Edited on Sat Mar-26-11 01:08 PM by LWolf
All one needs to do is look at his policies without blinders to see that. He himself acknowledged that he is a "new dem," which is, like the DLC, a group dedicated to the "3rd way."

“I am a New Democrat,” he told the New Democrat Coalition, according to two sources at the White House session.


http://www.politico.com/news/stories/0309/19862.html

Frankly, I do not now, and have never, supported in any way "new dems," the "3rd way," the DLC, the Blue Dogs, or any other branch of Democratic "centrism," which, underneath it's faux "moderate" image, is rampant neoliberalism infecting the party, and the nation, like a cancer.

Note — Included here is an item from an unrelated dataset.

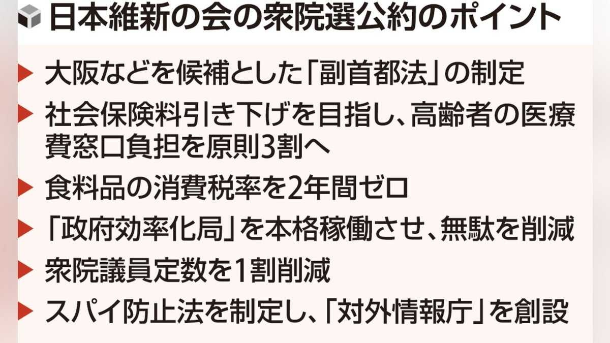 日本維新の会は21日、衆院選公約を発表した。東京一極集中を是正する「副首都法」の制定や社会保険料の引き下げ、時限的な消費税減税などを打ち出した。
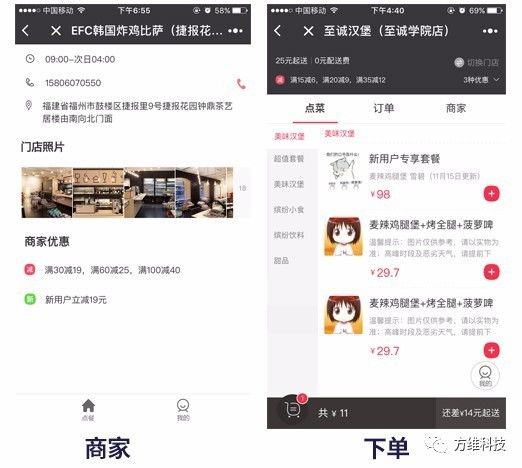 用戶(hù)可通過(guò)附近的小程序進(jìn)入外賣(mài)小程序門(mén)店,進(jìn)行點(diǎn)餐、結(jié)算,支持使用積分、余額,還可查看訂單和商家信息。

The New Democrat Coalition was formed as a House caucus in 1997, following in the footsteps of the Democratic Leadership Council and President Bill Clinton’s “third way” policies, designed to make Democrats and their platform more business friendly. When launched, the group lacked a fundraising PAC and had no legislative staffers. However, they did have allies at the highest levels of the Democratic Party and access to the party's political and fundraising machine.

The New Democrats were as pro-business then as they are now. Many of the group's members, including Kind and Crowley, supported the 1999 Gramm-Leach-Bliley Act, which repealed marquee financial legislation passed after the Great Depression and paved the way for financial institutions to become "too big to fail." A year later, many also voted for the Commodities Futures Modernization Act, which curtailed regulation of financial derivatives, including the products that played a major role in the collapse of energy firm Enron in 2001 and helped to bring the world economy to the brink of disaster in 2008.



Sometimes it's instructive to see where a group finds its allies and support.


Steve Bartlett, a former Republican congressman from Texas and current head of the Financial Services Roundtable, an industry lobbying group, described the New Democrats as "awesome."

"They are my favorite group in Congress in the sense of doing the right things for the country," Bartlett said in an interview with ProPublica. "It's a group that is focused on the economy and on the business sector and on the for-profit sector, and I've just found them to be extraordinary and extraordinarily effective."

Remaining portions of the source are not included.